**STORED DATA**:
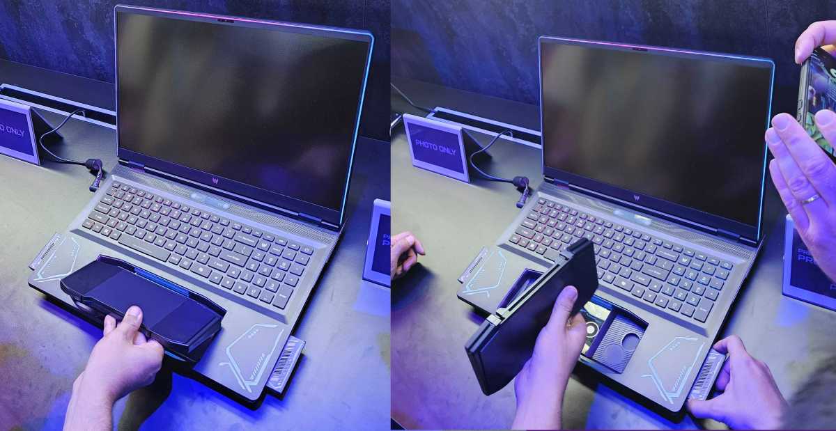 Acer says that the wireless touchpad is held in place with an “electromagnetic lock,” and when it’s released the laptop’s speakers also pop out from the sides.
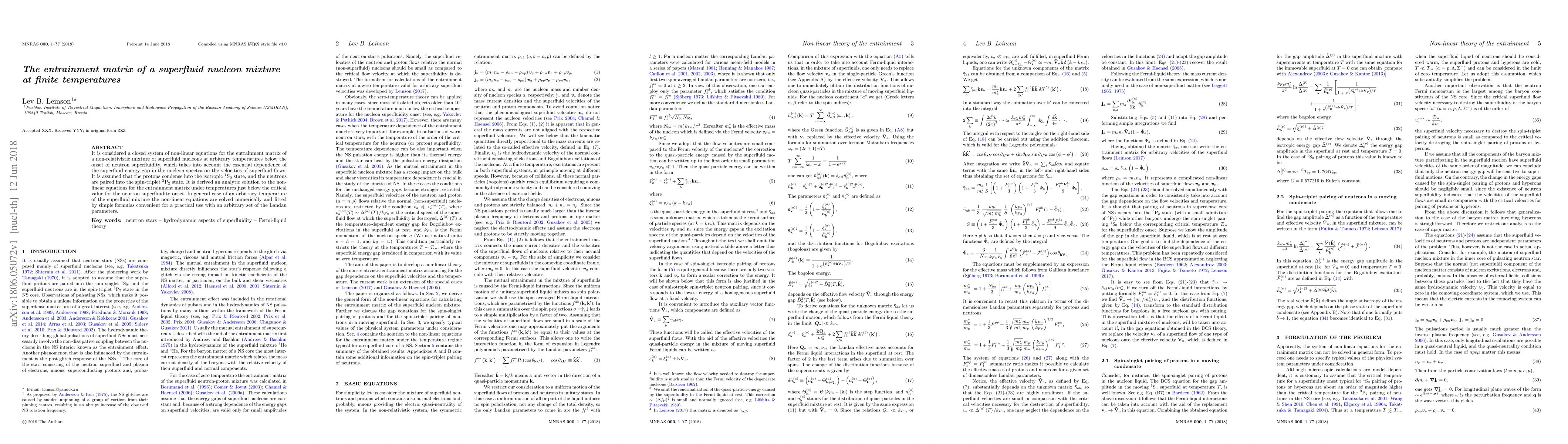 This paper derives an analytic solution for the entrainment matrix of a superfluid nucleon mixture at temperatures just below the onset of neutron superfluidity, considering the dependence of the superfluid energy gap on flow velocities. For arbitrary temperatures, it numerically solves the non-linear equations and provides practical formulas using Landau parameters.
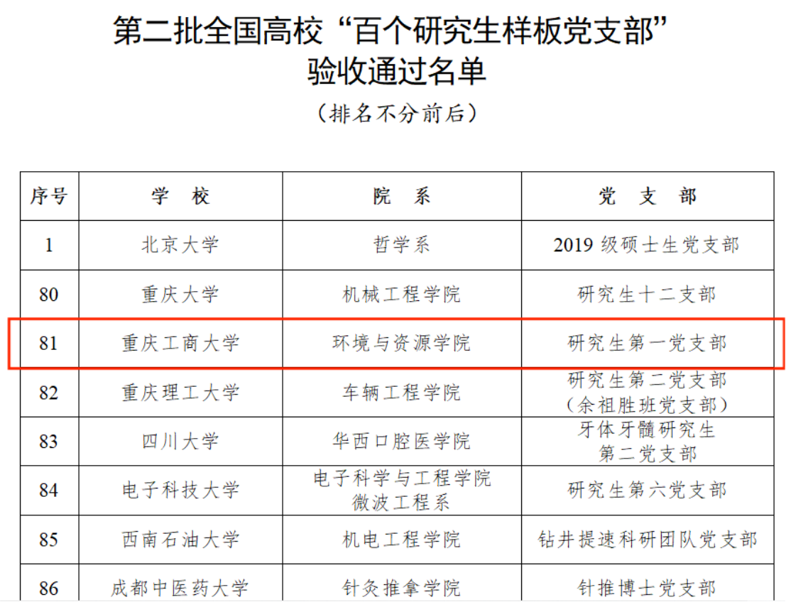 近日,教育部公布第二批全国高校“百个研究生样板党支部”和“百名研究生党员标兵”创建培育工作验收通过名单。万象城官网环境与资源学院研究生第一党支部通过第二批全国高校“百个研究生样板党支部”创建培育工作验收。

**EXERCISE INSTRUCTIONS**: Repeat all the data as it stands, dropping any images it holds.

**RESULT**:
 Acer says that the wireless touchpad is held in place with an “electromagnetic lock,” and when it’s released the laptop’s speakers also pop out from the sides.
 This paper derives an analytic solution for the entrainment matrix of a superfluid nucleon mixture at temperatures just below the onset of neutron superfluidity, considering the dependence of the superfluid energy gap on flow velocities. For arbitrary temperatures, it numerically solves the non-linear equations and provides practical formulas using Landau parameters.
 近日,教育部公布第二批全国高校“百个研究生样板党支部”和“百名研究生党员标兵”创建培育工作验收通过名单。万象城官网环境与资源学院研究生第一党支部通过第二批全国高校“百个研究生样板党支部”创建培育工作验收。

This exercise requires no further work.